-- GIVEN DATA follows --

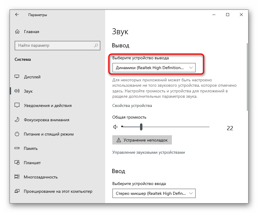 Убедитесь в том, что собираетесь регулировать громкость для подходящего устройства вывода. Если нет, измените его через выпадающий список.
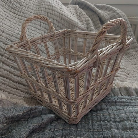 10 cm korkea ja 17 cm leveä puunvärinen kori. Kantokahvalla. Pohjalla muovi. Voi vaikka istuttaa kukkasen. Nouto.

-- GIVEN DATA concluded --
-- GIVEN DATA follows --

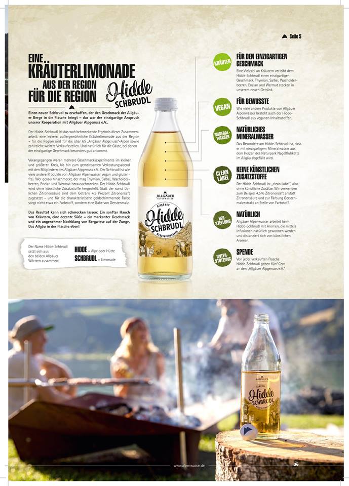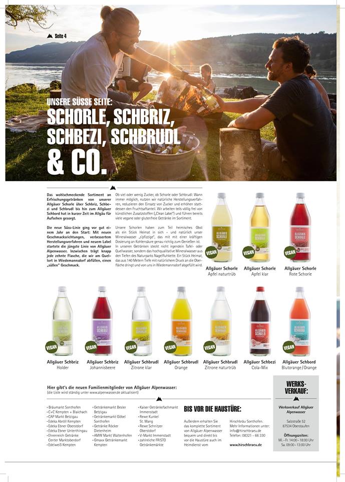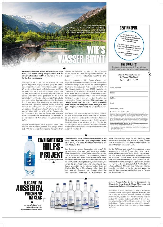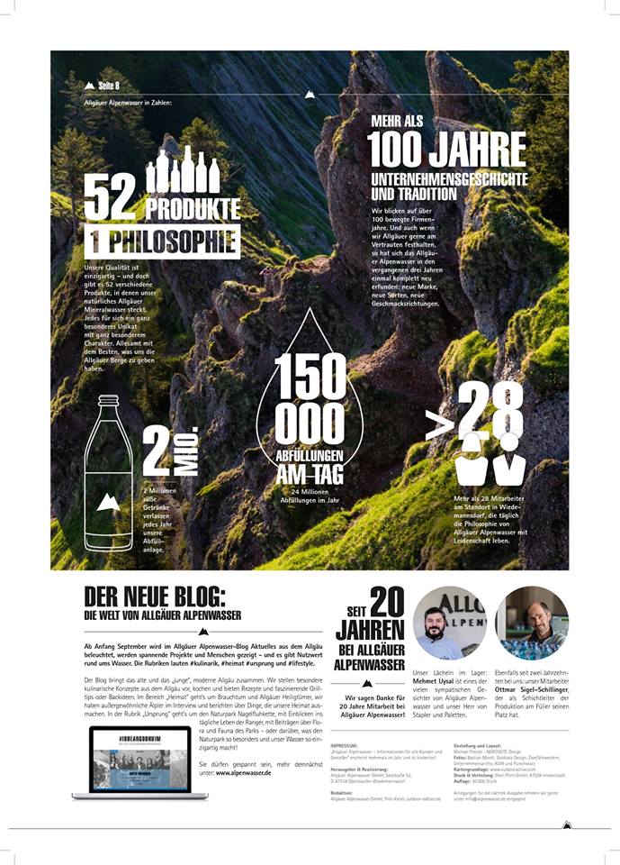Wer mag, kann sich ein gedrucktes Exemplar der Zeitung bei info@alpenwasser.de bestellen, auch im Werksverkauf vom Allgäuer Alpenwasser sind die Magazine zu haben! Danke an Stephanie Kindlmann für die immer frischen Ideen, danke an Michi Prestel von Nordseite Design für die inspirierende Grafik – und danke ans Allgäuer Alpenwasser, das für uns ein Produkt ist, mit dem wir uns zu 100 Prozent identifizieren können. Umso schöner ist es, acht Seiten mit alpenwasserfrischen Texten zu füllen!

-- GIVEN DATA concluded --

Would you set down only the lines above from the line with "Убедитесь в том, что" to the line with "10 cm korkea", both included, exactly as they stand and without the pictures?

• _OUTPUT FOR THIS EXERCISE_
 Убедитесь в том, что собираетесь регулировать громкость для подходящего устройства вывода. Если нет, измените его через выпадающий список.
 10 cm korkea ja 17 cm leveä puunvärinen kori. Kantokahvalla. Pohjalla muovi. Voi vaikka istuttaa kukkasen. Nouto.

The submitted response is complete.